*** Source records ***

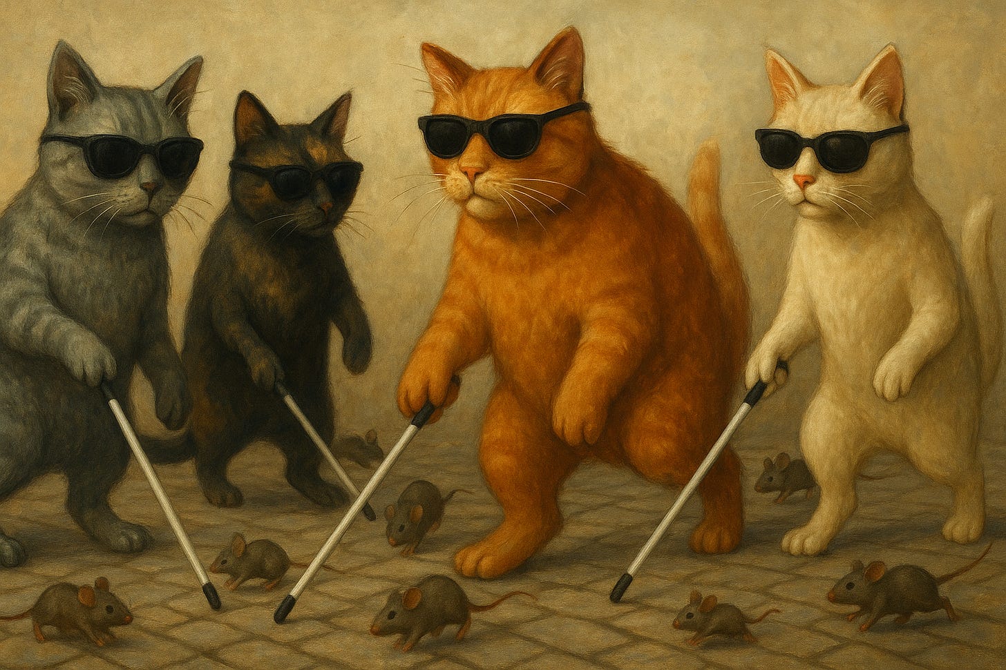 Just as spooky as the horizontally-blind cats, McRaney covers research where participants were supposed to name the cards they were shown.3 They’d say black spades, red heart, black diamonds, black spades, black clubs, red heart. Did you catch the trick? There is no black diamonds, but when the participants were shown cards that had incorrect colours they didn’t recognize them as incorrect. They just named them as if nothing was wrong. However, only once more incorrect cards were introduced, only once the anomalies started piling up, only then did the participants start having difficulties. They couldn’t recognize the once familiar shapes, or even experienced the incorrect cards to be purple rather than black or red.
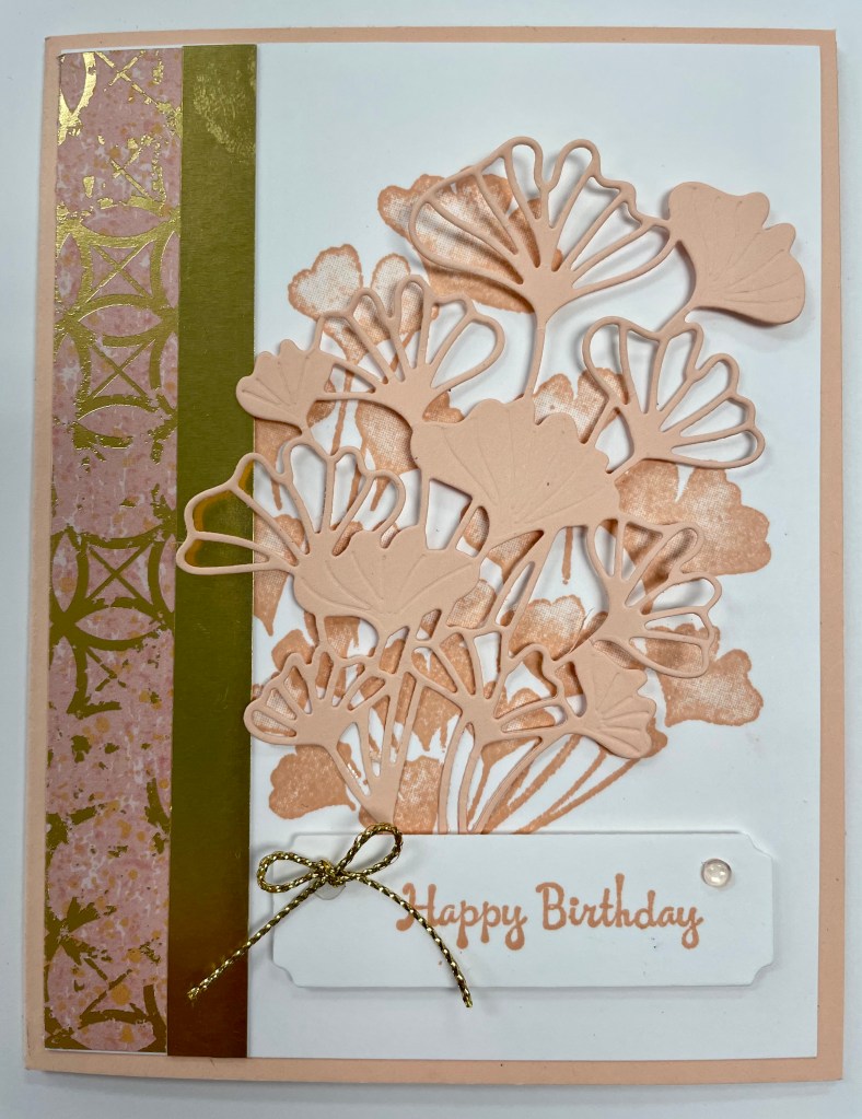 Over top the stamped image, I used my Ginkgo Branch Die to cut out the flowers from Petal Pink Cardstock.
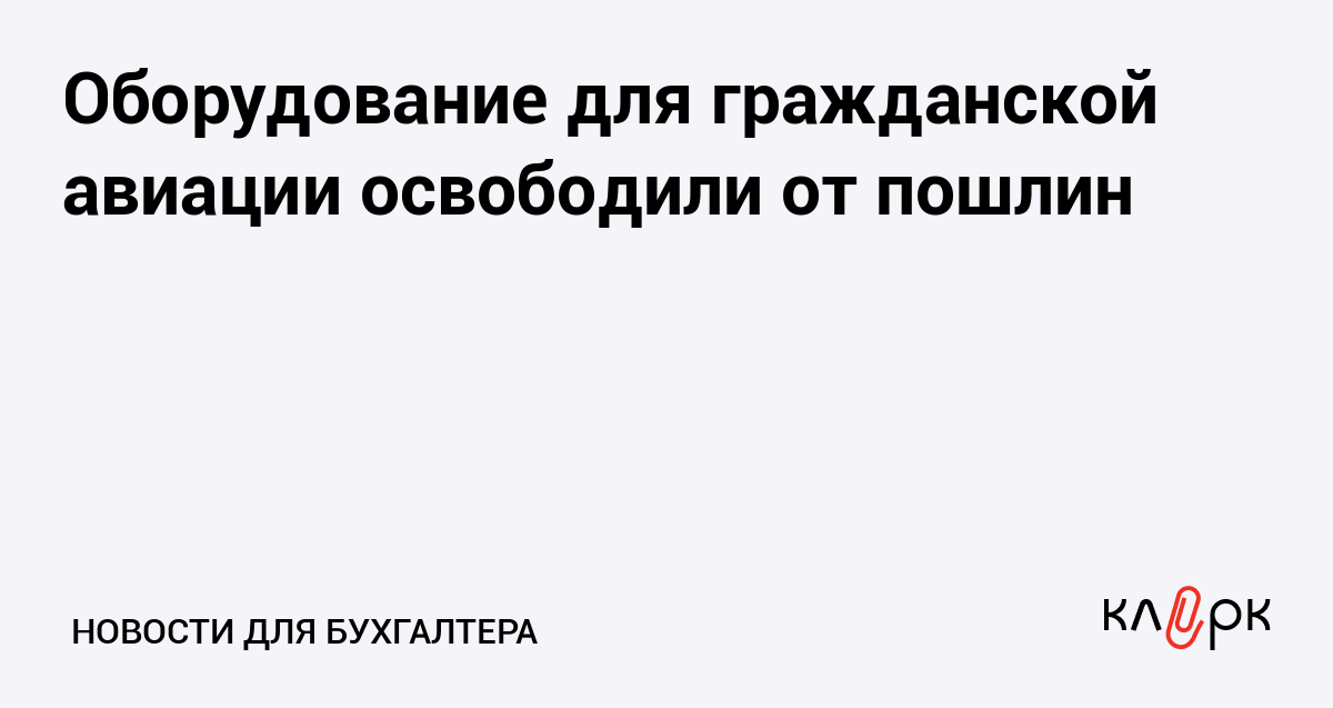 Согласно документу с 21 сентября 2009 года на отдельные виды запасных частей, агрегатов и оборудования для гражданской авиации устанавливается нулевая таможенная пошлина.
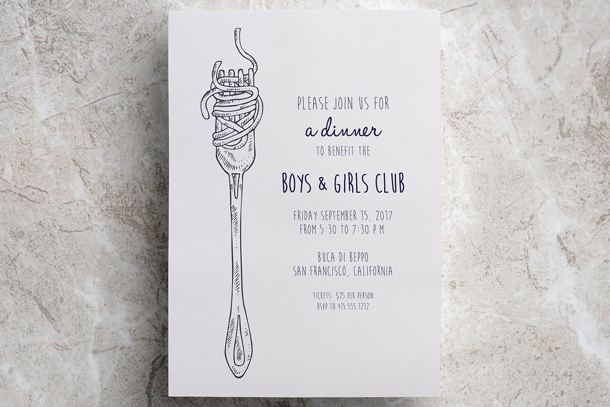 The easiest (ahem, cheapest) way to go for invites is to use a free service, like evite. Their penne-themed dinner party evite would be pasta-perfect.
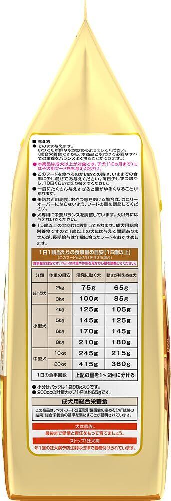1日1頭当たりの食事量の目安 1歳以上このフードと水だけを与える場合 食事量は目安です。ペットの体重や体型を見ながら量を調整してください。 活発に動く犬超小型犬 体重2kg75g 体重3kg100g小型犬 体重4kg125g 体重5kg145g 体重6kg170g 体重8kg210g中型犬 体重10kg245g 体重20kg415g 動きが控えめな犬超小型犬 体重2kg65g 体重3kg85g小型犬 体重4kg105g 体重5kg125g 体重6kg145g 体重8kg180g中型犬 体重10kg215g 体重20kg360g1日の食事回数1から2回日
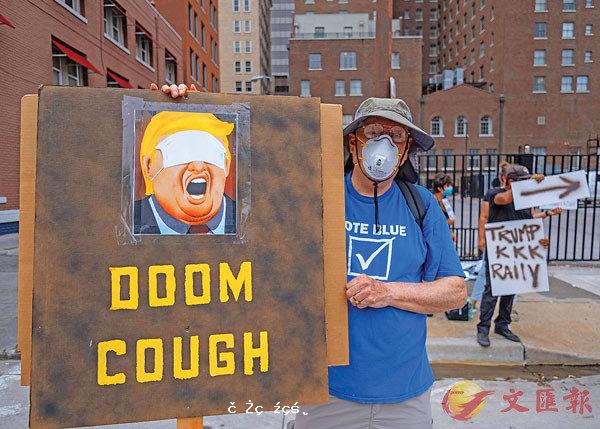 ■ 反對特朗普人士在其集會外抗議示威,展示寫有「笨蛋」的牌子。法新社 號召縮減規模 稱病毒Kung Flu再抹黑中國[详细]
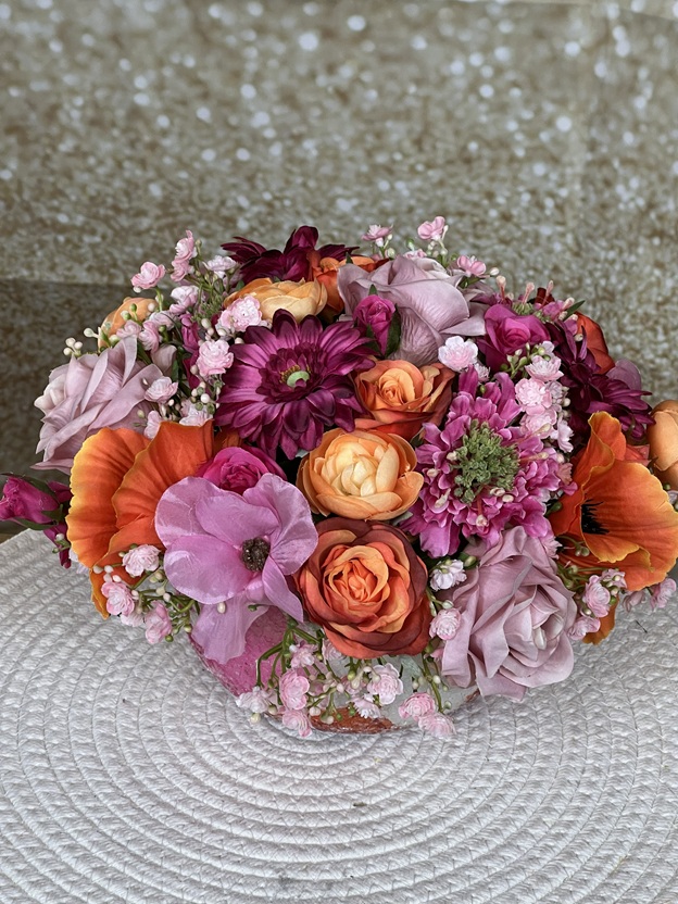 De bloemen zijn gestoken in speciaal steekschuim voor zijden bloemen.
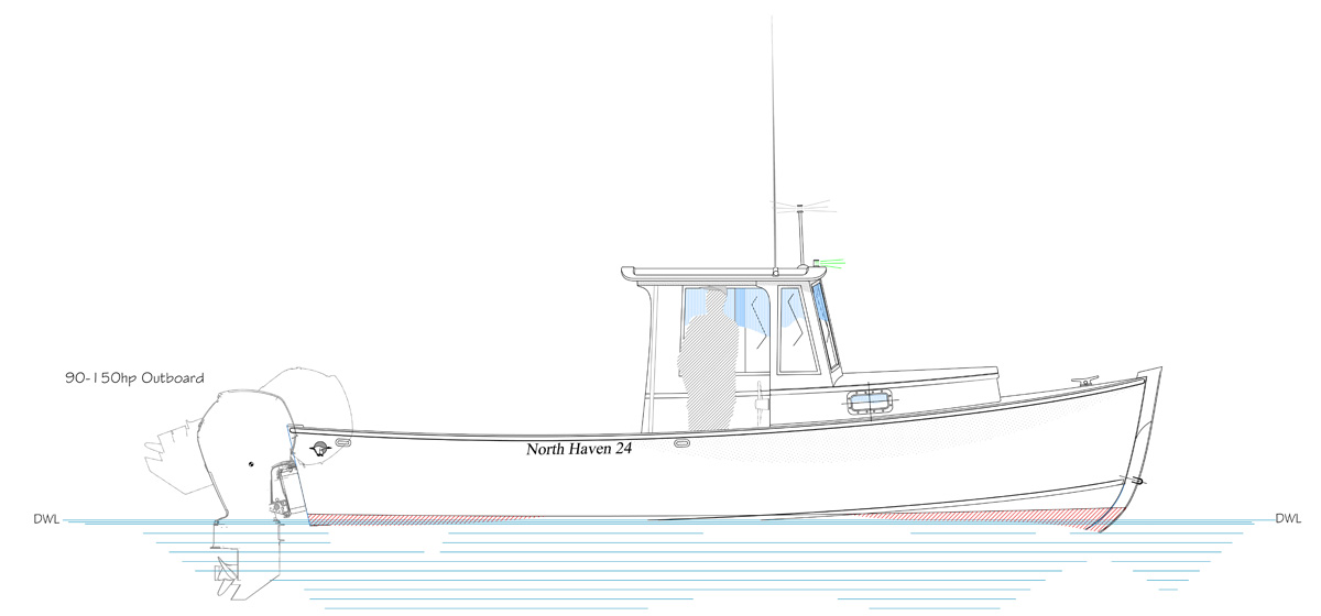 The North Haven 24 is based on one of my older designs, a fishing boat called Sea Chaser. A longtime friend and collaborator of mine in Maine had always liked that hull and saw in it the makings of what’s known in the trade as a “pocket lobster boat.”
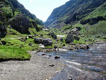 Wir radeln durch das sehr reizvolle Black Valley und nähern uns allmählich den Bergen und dem noch zu bezwingenden Gap of Dunloe.
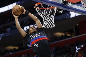 活塞球員奧薩爾-湯普森本場比賽打得不錯,攻防兩端表現(xiàn)都相當高效。
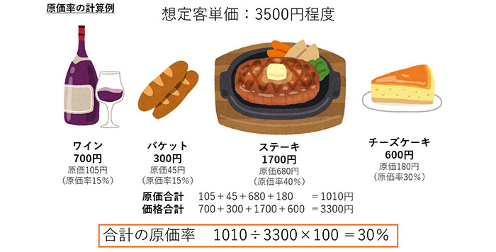 一般的な飲食店の原価率の平均は30%程度と言われています。これは、メニュー単体の話ではなく、一人あたりの想定客単価を考えた時に、平均で30%前後に収めることが望ましいという目安です。
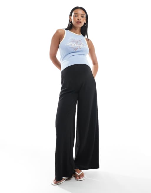Pantalones negros de pernera ancha con detalle de lazada en la cintura de punto liso de Mamalicious
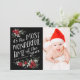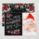Un diseño moderno de encantadora tipografía que dice "es la época más maravillosa del año" y está adornado con un borde de flores y vegetación de bonitos. Espacio en la parte trasera para que añadas tu mensaje personal de vacaciones o más fotos si lo deseas. Una hermosa tarjeta contemporánea para cualquier saludo de vacaciones.
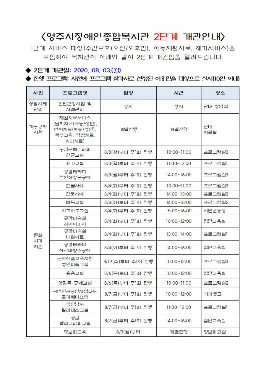 영주시장애인종합복지관 2단계 개관안내 > 공지사항
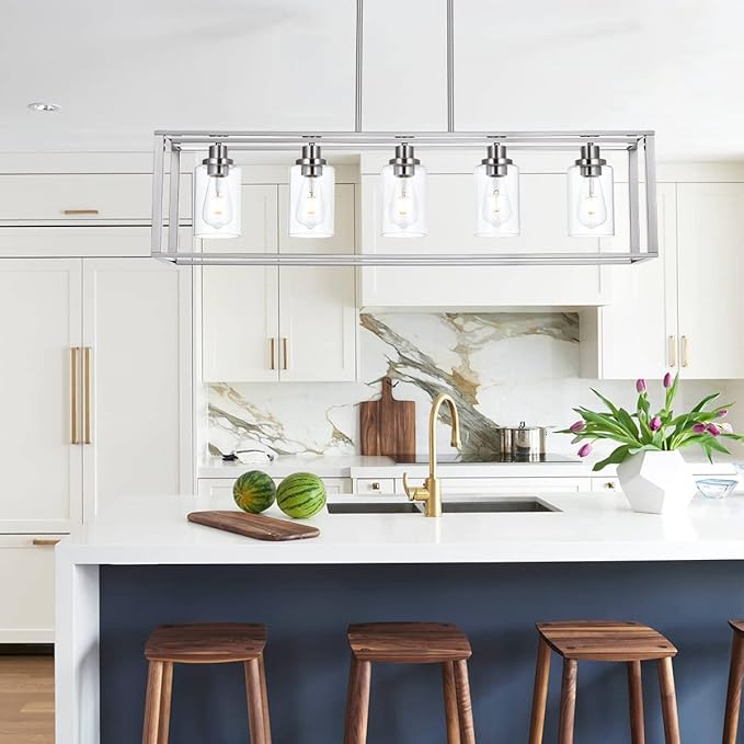 - Design:This Contemporary 5 light kitchen island light features combines geometric metal frame with clear cylindrical clear glass shade in a beautiful brushed nickel.
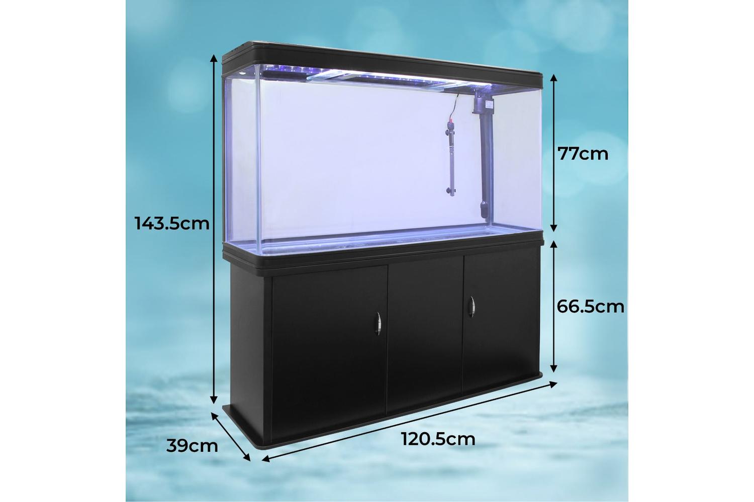 - Cabinet and tank: 143.5cm H x 120.5cm W x 39cm D
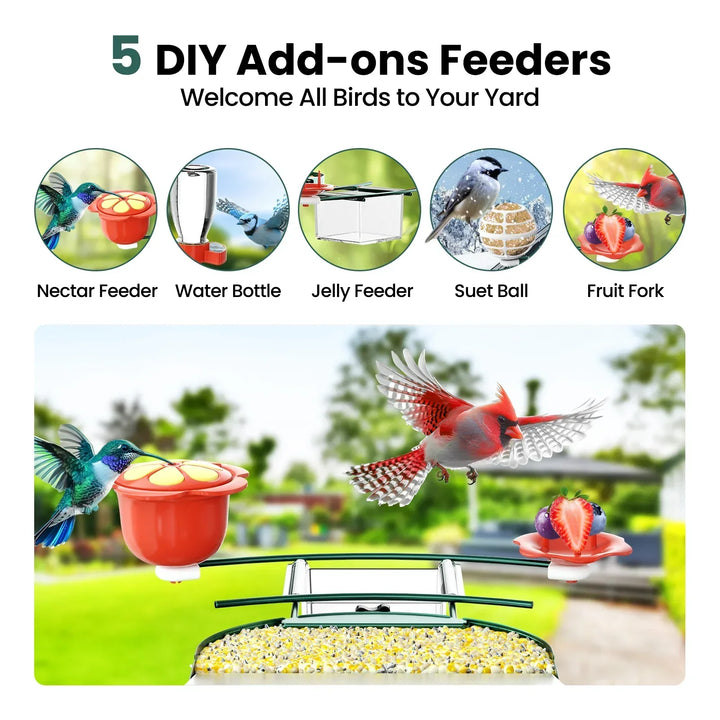 Create a warm, welcoming space for creatures big and small. With five included add-on accessories, you can offer different foods like nuts, seeds, and fresh fruit. Attract a beautiful array of visitors and watch your outdoor area come alive with activity and color every day.
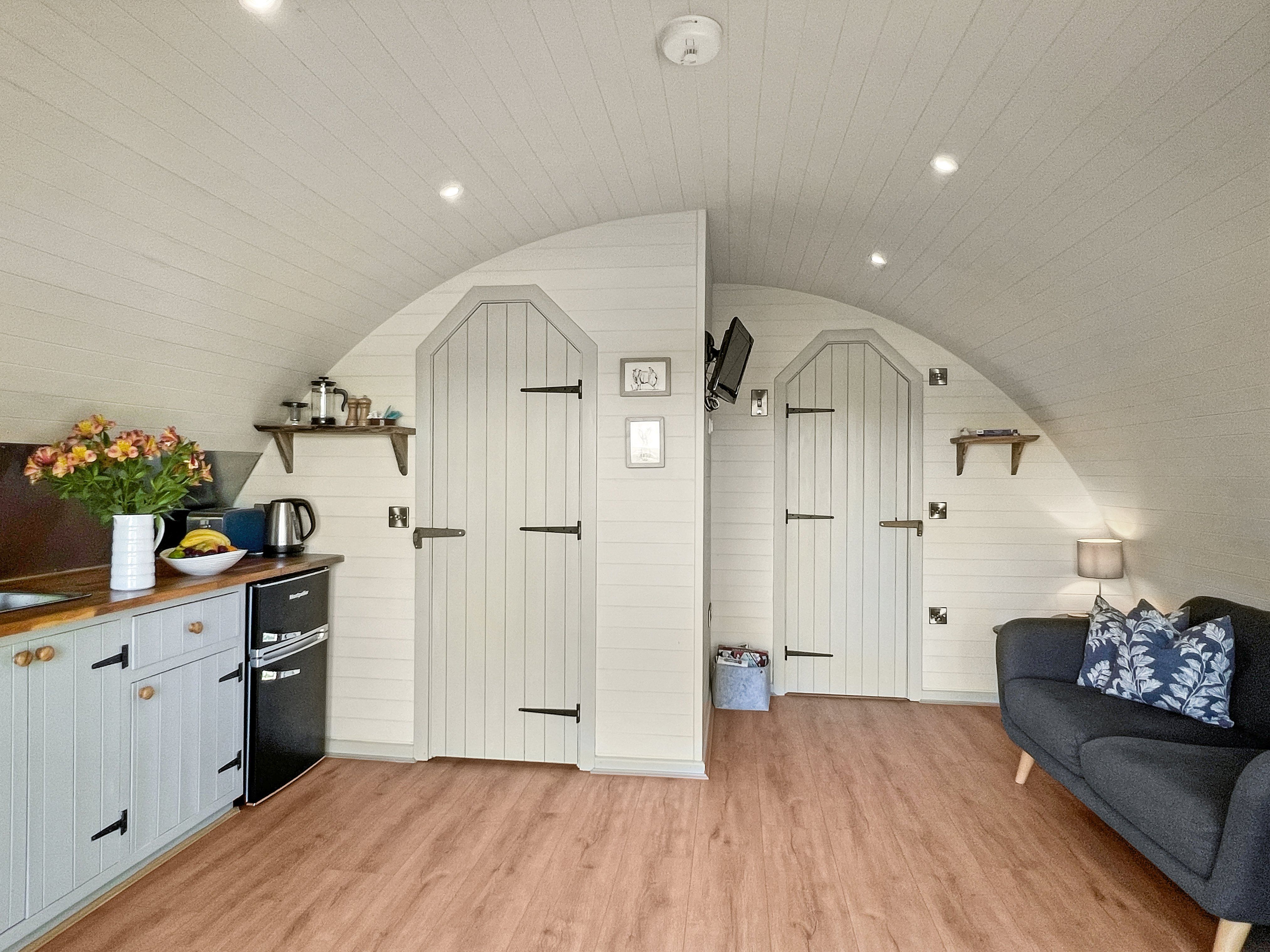 Facilities The front door opens into a spacious open-plan living area, warmed by underfloor heating and thoughtfully furnished for a relaxing stay. The sitting area includes a comfortable sofa, television with Freeview, a selection of board games, cards, books, and an OS map to help plan local walks. Free WiFi and good mobile signal (including 4G) are available.

*** End of Source records ***

● Exercise directions
Images in the data above are to be skipped. Retype all other material exactly.

● Output for this task
 Just as spooky as the horizontally-blind cats, McRaney covers research where participants were supposed to name the cards they were shown.3 They’d say black spades, red heart, black diamonds, black spades, black clubs, red heart. Did you catch the trick? There is no black diamonds, but when the participants were shown cards that had incorrect colours they didn’t recognize them as incorrect. They just named them as if nothing was wrong. However, only once more incorrect cards were introduced, only once the anomalies started piling up, only then did the participants start having difficulties. They couldn’t recognize the once familiar shapes, or even experienced the incorrect cards to be purple rather than black or red.
 Over top the stamped image, I used my Ginkgo Branch Die to cut out the flowers from Petal Pink Cardstock.
 Согласно документу с 21 сентября 2009 года на отдельные виды запасных частей, агрегатов и оборудования для гражданской авиации устанавливается нулевая таможенная пошлина.
 The easiest (ahem, cheapest) way to go for invites is to use a free service, like evite. Their penne-themed dinner party evite would be pasta-perfect.
1日1頭当たりの食事量の目安 1歳以上このフードと水だけを与える場合 食事量は目安です。ペットの体重や体型を見ながら量を調整してください。 活発に動く犬超小型犬 体重2kg75g 体重3kg100g小型犬 体重4kg125g 体重5kg145g 体重6kg170g 体重8kg210g中型犬 体重10kg245g 体重20kg415g 動きが控えめな犬超小型犬 体重2kg65g 体重3kg85g小型犬 体重4kg105g 体重5kg125g 体重6kg145g 体重8kg180g中型犬 体重10kg215g 体重20kg360g1日の食事回数1から2回日
 ■ 反對特朗普人士在其集會外抗議示威,展示寫有「笨蛋」的牌子。法新社 號召縮減規模 稱病毒Kung Flu再抹黑中國[详细]
 De bloemen zijn gestoken in speciaal steekschuim voor zijden bloemen.
 The North Haven 24 is based on one of my older designs, a fishing boat called Sea Chaser. A longtime friend and collaborator of mine in Maine had always liked that hull and saw in it the makings of what’s known in the trade as a “pocket lobster boat.”
 Wir radeln durch das sehr reizvolle Black Valley und nähern uns allmählich den Bergen und dem noch zu bezwingenden Gap of Dunloe.
 活塞球員奧薩爾-湯普森本場比賽打得不錯,攻防兩端表現(xiàn)都相當高效。
 一般的な飲食店の原価率の平均は30%程度と言われています。これは、メニュー単体の話ではなく、一人あたりの想定客単価を考えた時に、平均で30%前後に収めることが望ましいという目安です。
Pantalones negros de pernera ancha con detalle de lazada en la cintura de punto liso de Mamalicious
Un diseño moderno de encantadora tipografía que dice "es la época más maravillosa del año" y está adornado con un borde de flores y vegetación de bonitos. Espacio en la parte trasera para que añadas tu mensaje personal de vacaciones o más fotos si lo deseas. Una hermosa tarjeta contemporánea para cualquier saludo de vacaciones.
 영주시장애인종합복지관 2단계 개관안내 > 공지사항
 - Design:This Contemporary 5 light kitchen island light features combines geometric metal frame with clear cylindrical clear glass shade in a beautiful brushed nickel.
 - Cabinet and tank: 143.5cm H x 120.5cm W x 39cm D
 Create a warm, welcoming space for creatures big and small. With five included add-on accessories, you can offer different foods like nuts, seeds, and fresh fruit. Attract a beautiful array of visitors and watch your outdoor area come alive with activity and color every day.
 Facilities The front door opens into a spacious open-plan living area, warmed by underfloor heating and thoughtfully furnished for a relaxing stay. The sitting area includes a comfortable sofa, television with Freeview, a selection of board games, cards, books, and an OS map to help plan local walks. Free WiFi and good mobile signal (including 4G) are available.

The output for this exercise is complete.